(Data excerpts)

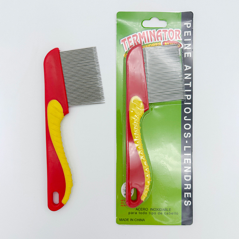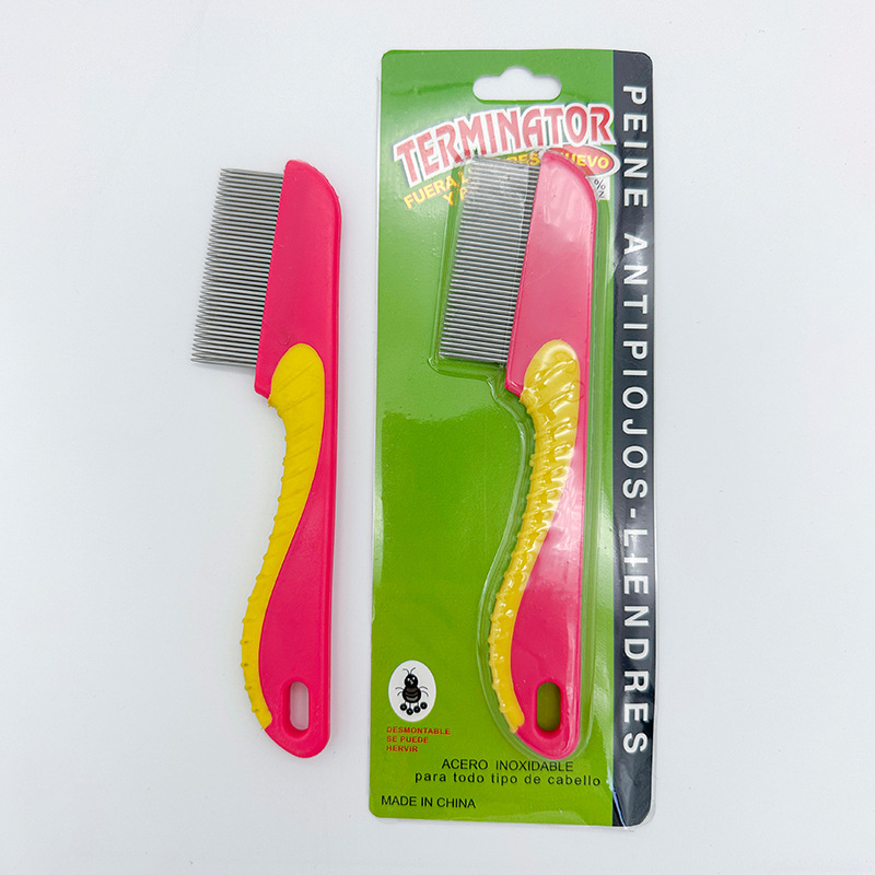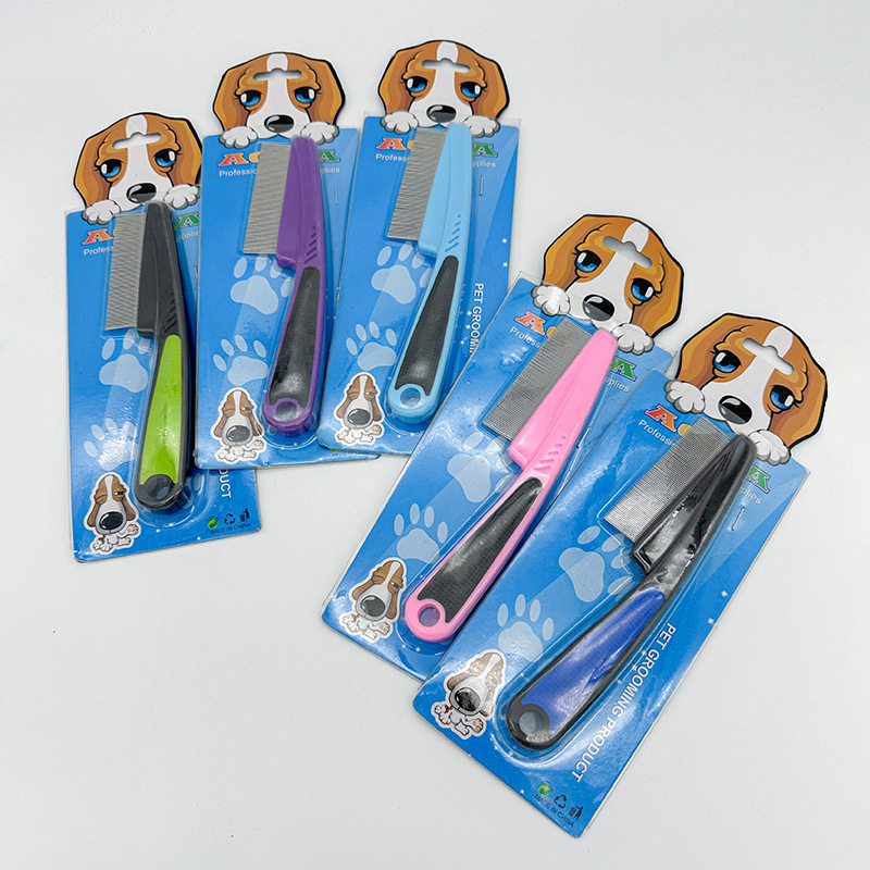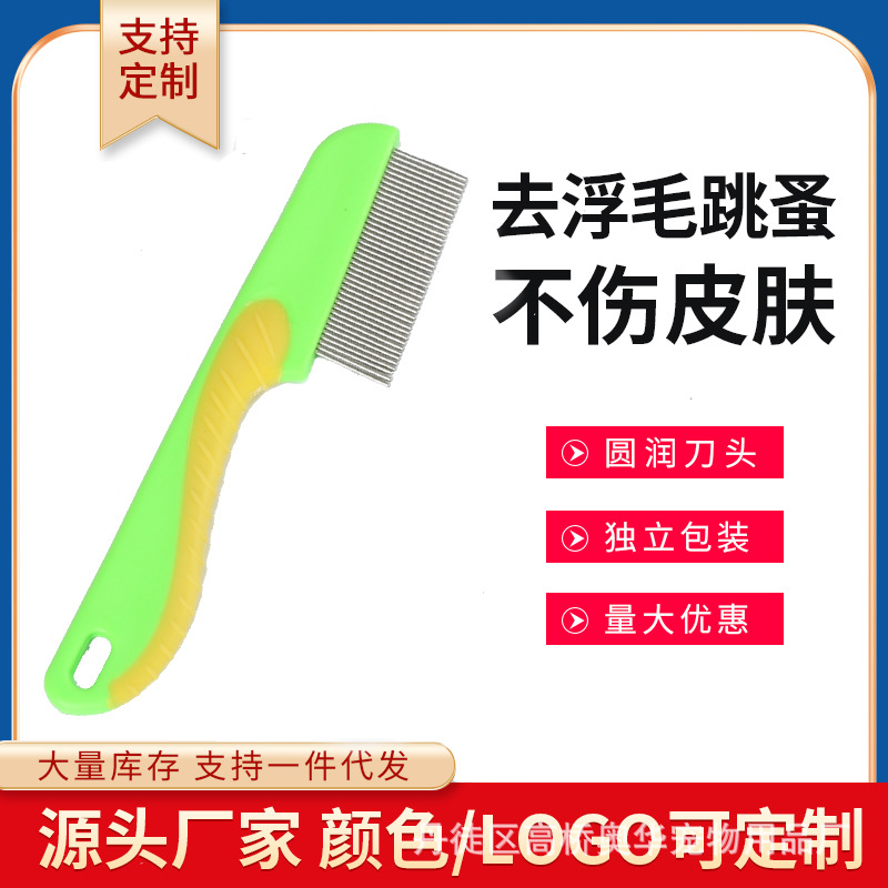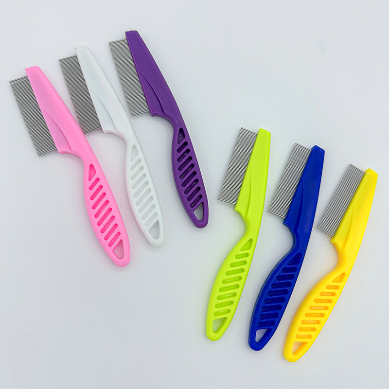 厂家批发宠物梳子塑柄除跳蚤梳不锈钢针猫狗除蚤虱子梳高效清洁
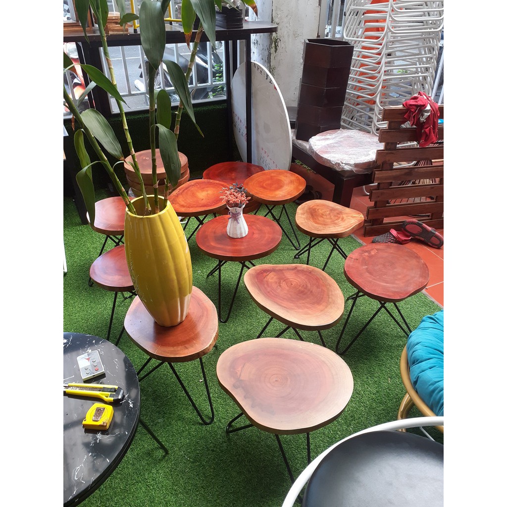 [Siêu Sale] Bàn Xà Cừ chân sắt cao 40cm X D 25cm - 35cm - Bàn cafe gỗ nguyên tấm HPCF 18 HP Decor
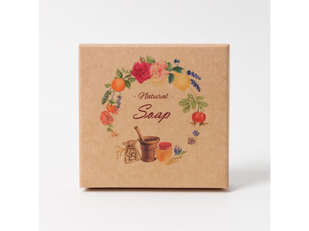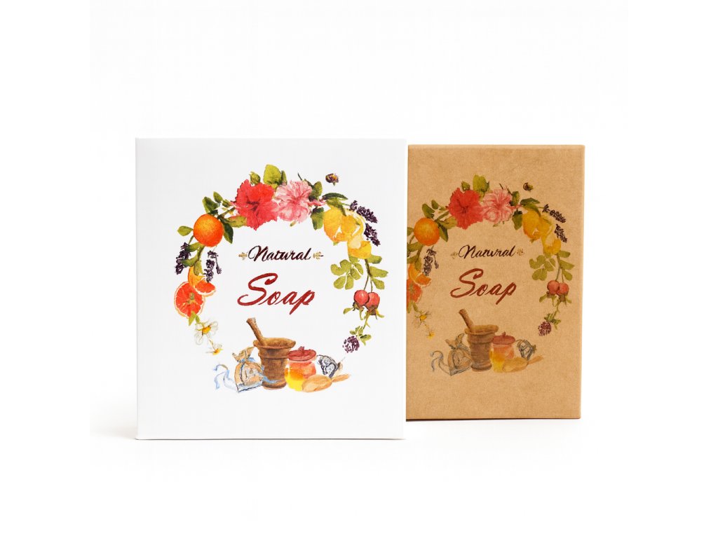 Dárková kraftová nebo bílá čtvercová krabička Soap Garden - Bylinková Romance KM-KL-009 Soap Garden – Dárková krabička na přírodní mýdlo | Bílá nebo kraftová
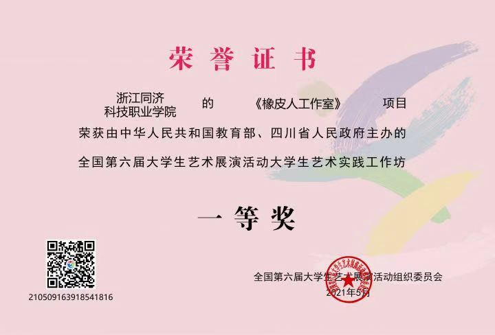 5月12日晚,由教育部和四川省人民政府主办的全国第六届大学生艺术展演活动在四川成都圆满落幕。由浙江省教育厅选送的我校两个项目《橡皮人工作室》艺术工作坊(指导老师:范子珍、戴瑞、李琦)和《基于工作室平台的现代学徒制艺术设计类工作室人才培养模式》美育改革创新优秀案例(指导老师:范子珍、戴瑞、章卉)分别获得大学生艺术实践工作坊一等奖和全国高校美育改革创新优秀案例二等奖。全国大学生艺术展演活动每三年一届,本专科同台竞技,至今已举办六届,这也是我校首次在全国艺术展演活动中获奖,实现了我校在全国大学生艺术展演活动中一等奖零的突破。
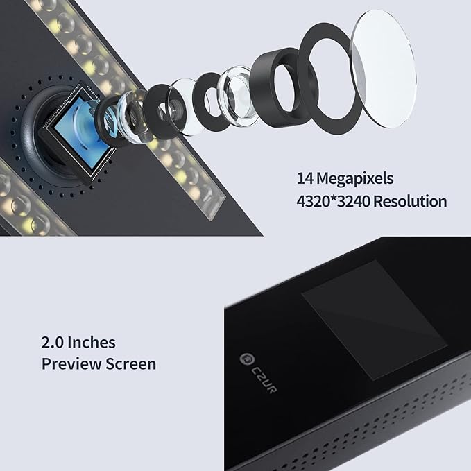 CZUR Aura Pro Portable Book Scanner, A3 Document Scanner, Auto-Flatten, 180+ Language OCR, 90° Foldable, Fast Scan, for Mac & Windows
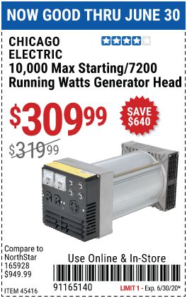 Generator Head Harbor Freight. Web generator heads / item# 165928 northstar belt driven generator head — 10,000 surge watts, 9,600 rated watts, 18 hp required. Web harbor freight 10 kw generator head supplies 30 amps of power at 120 & 240 volts which will operate most common.
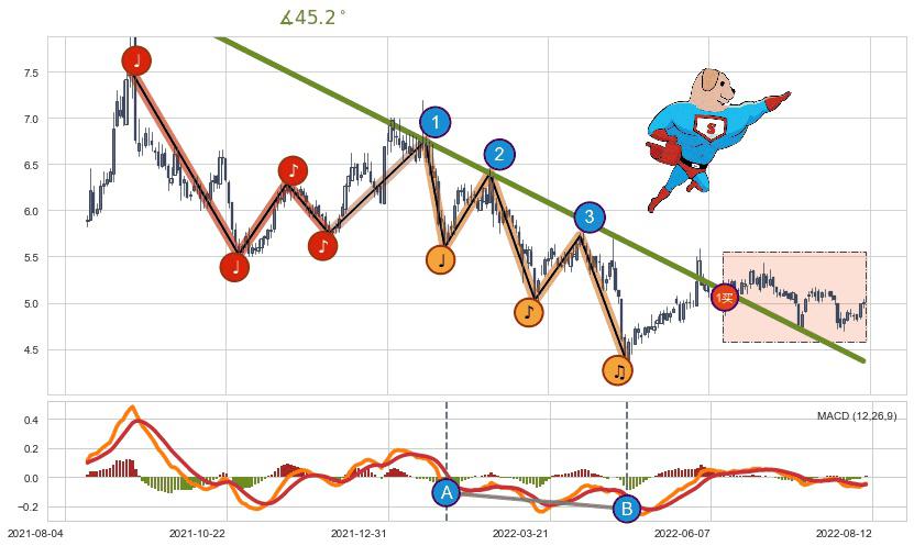 ⚔️ 2021-09-02-2022-05-31下跌趋势存在反转上涨[机会],其原下跌趋势的阻力位(4.37)已被突破[强支撑信号],原下跌趋势角度: 45.2˚

__What is being asked__
Copy the lines exactly as they appear from the opening of the entries above through the line with "CZUR Aura Pro", excluding all pictures.

__Exercise response__
 厂家批发宠物梳子塑柄除跳蚤梳不锈钢针猫狗除蚤虱子梳高效清洁
 [Siêu Sale] Bàn Xà Cừ chân sắt cao 40cm X D 25cm - 35cm - Bàn cafe gỗ nguyên tấm HPCF 18 HP Decor
 Dárková kraftová nebo bílá čtvercová krabička Soap Garden - Bylinková Romance KM-KL-009 Soap Garden – Dárková krabička na přírodní mýdlo | Bílá nebo kraftová
 5月12日晚,由教育部和四川省人民政府主办的全国第六届大学生艺术展演活动在四川成都圆满落幕。由浙江省教育厅选送的我校两个项目《橡皮人工作室》艺术工作坊(指导老师:范子珍、戴瑞、李琦)和《基于工作室平台的现代学徒制艺术设计类工作室人才培养模式》美育改革创新优秀案例(指导老师:范子珍、戴瑞、章卉)分别获得大学生艺术实践工作坊一等奖和全国高校美育改革创新优秀案例二等奖。全国大学生艺术展演活动每三年一届,本专科同台竞技,至今已举办六届,这也是我校首次在全国艺术展演活动中获奖,实现了我校在全国大学生艺术展演活动中一等奖零的突破。
 CZUR Aura Pro Portable Book Scanner, A3 Document Scanner, Auto-Flatten, 180+ Language OCR, 90° Foldable, Fast Scan, for Mac & Windows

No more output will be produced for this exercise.